After a careful examination of the record it is our opinion that the board misconceived the extent of its power. It assumed that the only issue before it was the correctness of the decision of the inspector of buildings. This assumption was not correct. His authority is limited by the provisions of art. VIII, secs. 81 and 83 of the zoning ordinance. Because of the restrictions imposed upon him by such provisions, he has no authority to issue a building permit for any use which is in conflict with the provisions of the zoning ordinance.

However, while it is true that the power of the inspector of buildings is restricted to an enforcement of the zoning ordinance as enacted, it is equally true that both the state enabling act and the zoning ordinance confer much broader powers on the zoning board of review. It is well established that zoning laws expressly provide for relief in those cases where an unnecessary hardship would be imposed upon the owner of land if by reason of its location or other facts the land may not be used for the purposes for which it is zoned.

Therefore in the instant case it is our judgment that by virtue of the power conferred upon it by the provisions of the state enabling act, G.L. 1938, chap. 342, § 8, the respondent board has the authority to hear and decide the appeals from the building inspector's denial of the applications in question. Having acquired jurisdiction of the case by such appeals, the board has the power to exercise its authority in conformity with the provisions of the zoning ordinance. Under § 8 this includes the power to reverse or affirm wholly or partly or to modify the decision appealed from, and the board is also empowered by the same section to make such determination as ought to be made and to that end shall have all the powers of the officer from whom the appeal was taken.

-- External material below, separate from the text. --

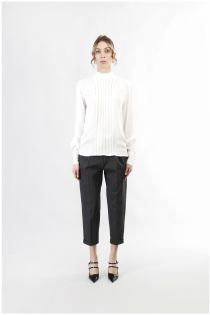 blusa con pliegues en la parte delantera y fajín en el cuello. butter
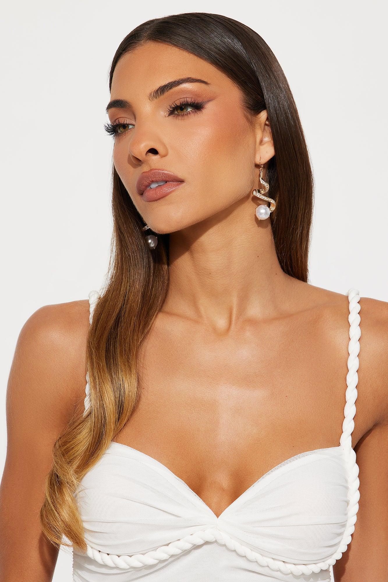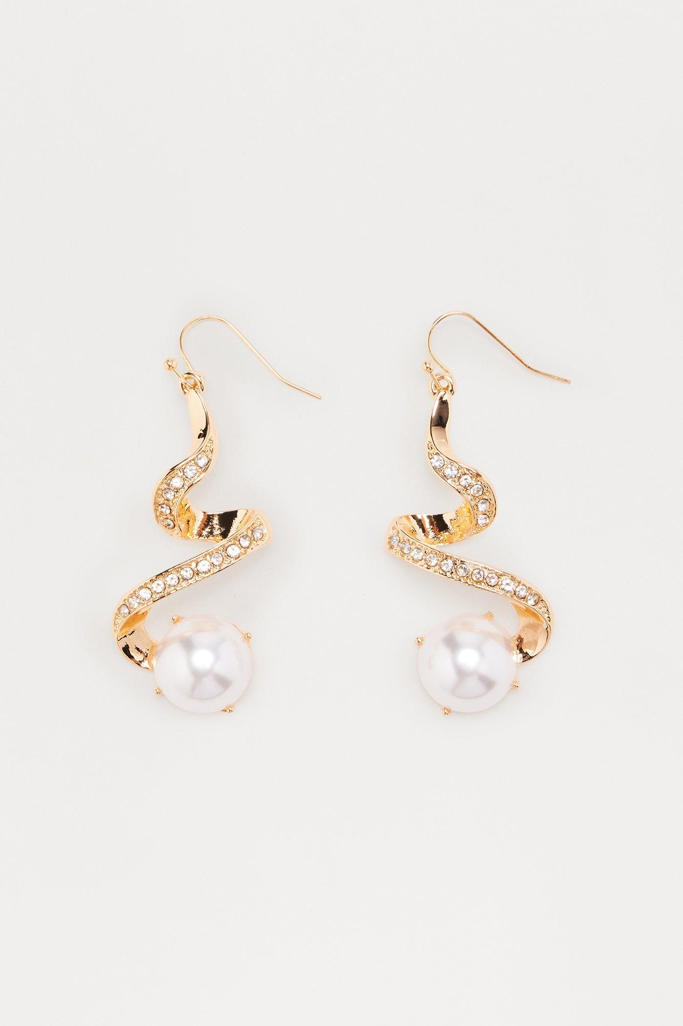 Available In Gold. Drop Earrings Rhinestone Trim Pearl Detail Post Back Closure Final Sale Imported

Accordingly, in view of the power vested in it as aforesaid, we are of the *840 opinion that the board has jurisdiction to treat the case as an application for a variance even though petitioner, in the first instance, applied for a building permit. A reading of the record convinces us that due to a misconception of its power, the board did not permit a complete hearing on the real issues raised by the appeal. Therefore, the case should be sent back to the board so that it may determine, in the exercise of its discretion, whether the circumstances in this case are such that the enforcement of the ordinance will deprive petitioner of all beneficial use of her land and result in a complete confiscation thereof without compensation.

In view of what we have herein stated, we do not believe that the constitutional questions raised by the petitioner are properly before us at this time. See Lamothe v. Zoning Board of Review, 81 R.I. 96, 100, 98 A.2d 918.

The petition for certiorari is granted, the record of the decision of the respondent board is quashed, and the papers certified to this court are ordered sent back to the board with direction to take further proceedings in accordance with this opinion.